Program to extract data from a graph

I find myself in possession of a printout of a graph, from which I need to reconstruct the data that was used in making the graph (unfortunately, my advisor never bothered to save the data itself). I’ve already scanned in the graph and cleaned up the image so that the lines can be distinguished (from each other and from the assorted scribbles that were marked on the graph), but now I need something that’ll read those lines and output data in some usable format, such as an ASCII table. I found a program online called DigitizeIt that seemed to work, but it’s crippleware, and won’t let me save the output, or copy it to the clipboard, unless I pay $50. Everything else I found only works on Windows or Linux (I’m on OSX). Any suggestions?

Manual analysis and data entry?

Is this a continuous graph, or discrete? If it’s continuous, you could pick a reasonable sampling density (depending on curved the curve is, etc), such as 5mm, and measure the height from zero and at the end of each interval, using a ruler, then type in the readings you get.

Hire someone to do it?

A friend of mine was raving about how awesome one of these programs was last year. I’m not positive but GetData sounds familiar. If that’s not up to snuff, googling “digitizing data from graph” will give you a dozen or so freeware/shareware options.

I’ve used Engauge on Windows and Linux. The linked version for OSX is slightly dated, but it should work for your needs.

They’re using Engauge at my Uni as well.

Back in the 90s I wrote a piece of software to do this sort of thing, interfaced to a 18" digitizer tablet. With a cross-hair puck it was really accurate at extracting data. It could even cope with skewed axes and multiple datasets. It was a pretty cool bit of software, but the problem was that the printed graphs we started on were not big enough to give any real resolution, even blown up on a photocopier. It was good for graph recreations, though. I guess it is long gone now.

Si

Do PPC apps still work on Intel Macs?

Good question…one that I am not equipped to answer. Here’s the source that does require some dependencies if you choose go that route. Not sure if there is a precompiled version for Intel Mac OSX out there. Sorry if I was a bit misleading, but I the OP didn’t specify hardware and I’m not a regular Mac user.

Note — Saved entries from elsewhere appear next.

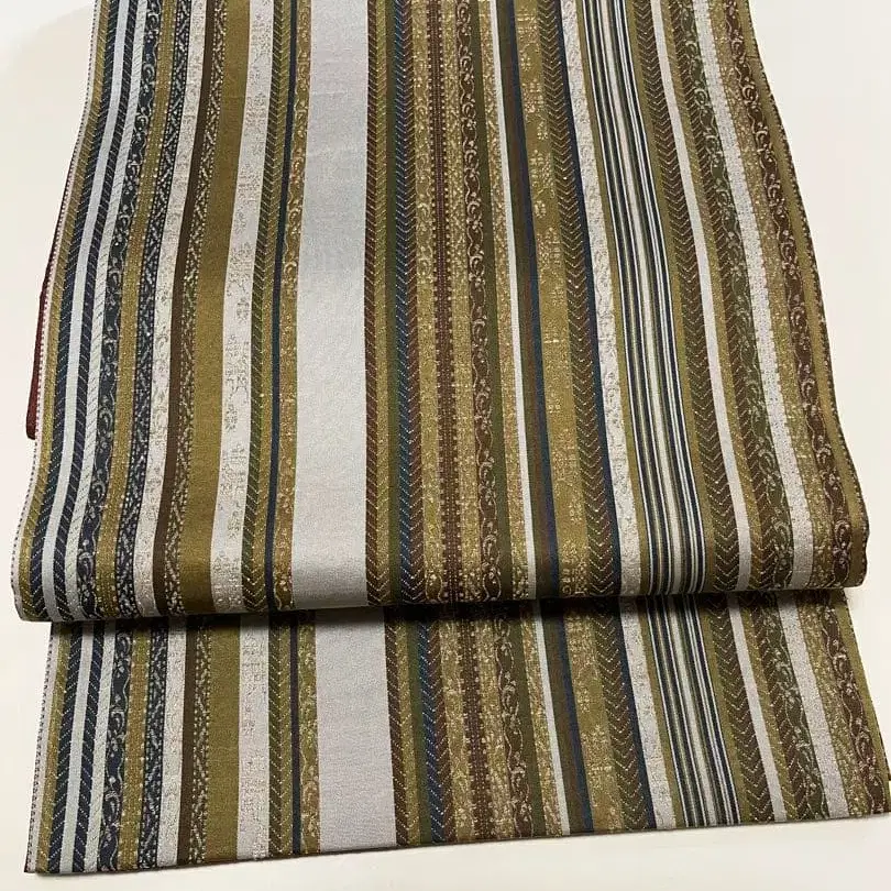화 후쿠로 오비 오타이코 패턴 샤레 오비 꽃 말차 카키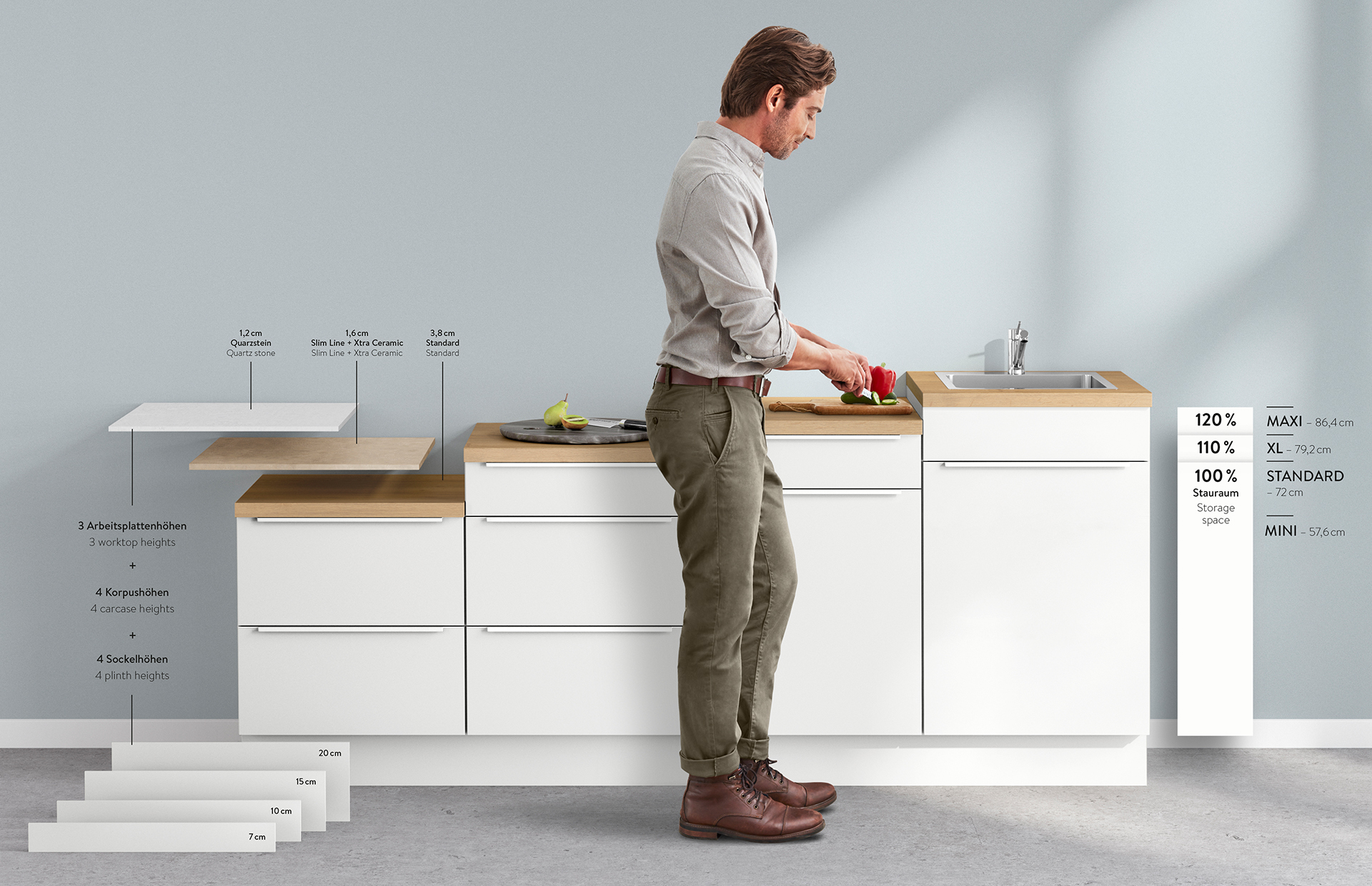 This makes your daily kitchen work more relaxed and is easy on your back. Everything is possible! We offer the perfect kitchen solution for every individual need and every room with 3 base unit heights in standard, XL and Maxi height. The combination of base units and plinth heights not only optimises the ergonomics and results in more storage, but also adapts flexibly to any spatial situation in an old-build or new-build house.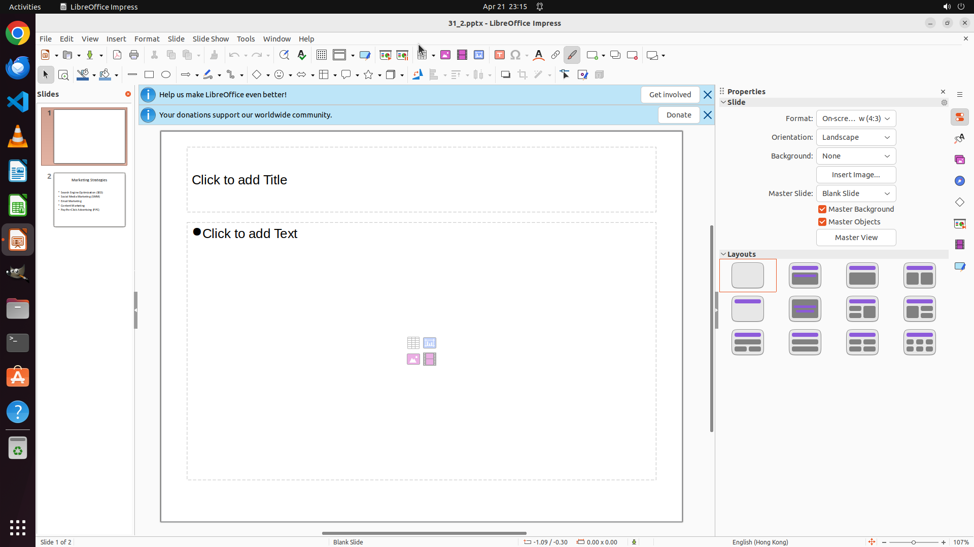 当前屏幕显示 LibreOffice Impress 已打开,正在编辑一个名为 "31_2.pptx" 的演示文稿。当前显示的是第 1 张幻灯片(共 2 张),左侧幻灯片缩略图面板显示了 2 张幻灯片。右侧属性面板显示了幻灯片格式设置(On-screen Show 4:3, Landscape 方向)。

Probably not what you’re looking for, but it would be straightforward to write your own simple software to do this. Once you’ve cleaned up the image and stored it in a simple format like PPM, you can locate pixels of desired color with something as simple as grep, and develop (x,y) coordinates easily from pixel location.

Depending on your skill set, this could be simpler and more fun than tracking down pre-written software to do the same thing.

Actually, I should have just checked for myself. I had heard that Rosetta (which runs PPC apps on Intel Macs) was not included in Mac OS X Snow Leopard. But it seems it’s just not installed by default. So a PPC version should still work.

OK, maybe I’m just dense, but I downloaded Engauge, and I’m seeing all sorts of documentation, auxiliary files, readmes, and so on, but no executable or app. The instructions tell me to untar the executable release package, and then to look for engauge.app , but I can find neither an executable release package nor an app.

NIH Image used to do the sort of thing you’re looking for.
Looks like it’ll run in System 9 emulation under OSX, if you can manage that w the Mac you’ve got, which I doubt.

The Faq recommends ImageJ, which runs native on Modern, Intel Macs: Download

I’ve never tried it.

I used a couple of the digitizing packages but was never entirely satisfied with the result (when dealing with spiky data), so I’ve written scripts in Matlab a couple of times to import an image and scan it for data. This is like fifty or sixty lines of code itself, although I’ve done it as part of a larger application to filter and analyze the data. You should be able to do the same in Mathematica, Octave, Scilab, SciPy, sagemath, or whatever scientific computing scripting tool you prefer; anything with image processing and numerical function capabilities.

Stranger

If it’s just one graph, you don’t need anything fancy. Load the image into Matlab and use ginput() to manually sample the data at whatever spacing you like. Use the same process to get the coordinates of the axes of the graph. Apply some linear interpolation to transform pixel coordinates into data coordinates.

“[x, y] = ginput” is okay if you just need to grab a few data points, but it is clunky if you have a large set of highly varying data, especially if it is oscillatory or noisy. In that case, you want to sample your data (and if the curve is thicker than a couple of pixels, the high and low) and then use an algorithm to find the local mean and filter out the garbage.

Stranger

I have not tried it, but DigitizeIt probably does what you want to do. There’s a 21 day free evaluation period in which you can try it for free.

DigitizeIt was the first one I tried. The free version is crippled into worthlessness: You can extract the values, but you can’t get them out of the application.

In case anyone’s still wondering, I ended up getting the Windows version of Engauge, and running it under Wine. It worked.

You know, I was going to suggest just running a Windows program in Wine. I just wasn’t looking forward to having to explain how to get Wine up and running. I shouldn’t have underestimated you. (Or maybe Wine if it’s gotten easier.)

Revisiting the original link that I posted, it looks like it’s just a source file and not a compiled app. Sorry about that. At the risk of again pointing you in the wrong direction, the Fink Project “wants to bring the full world of Unix Open Source software to Darwin and Mac OS X.” It looks like there are many great apps available, including engauge-digitizer. I’ll leave it to Mac experts to weigh in on the usefulness of fink, but it might be worth looking into if you anticipate running OSS that doesn’t have official Mac ports in the future.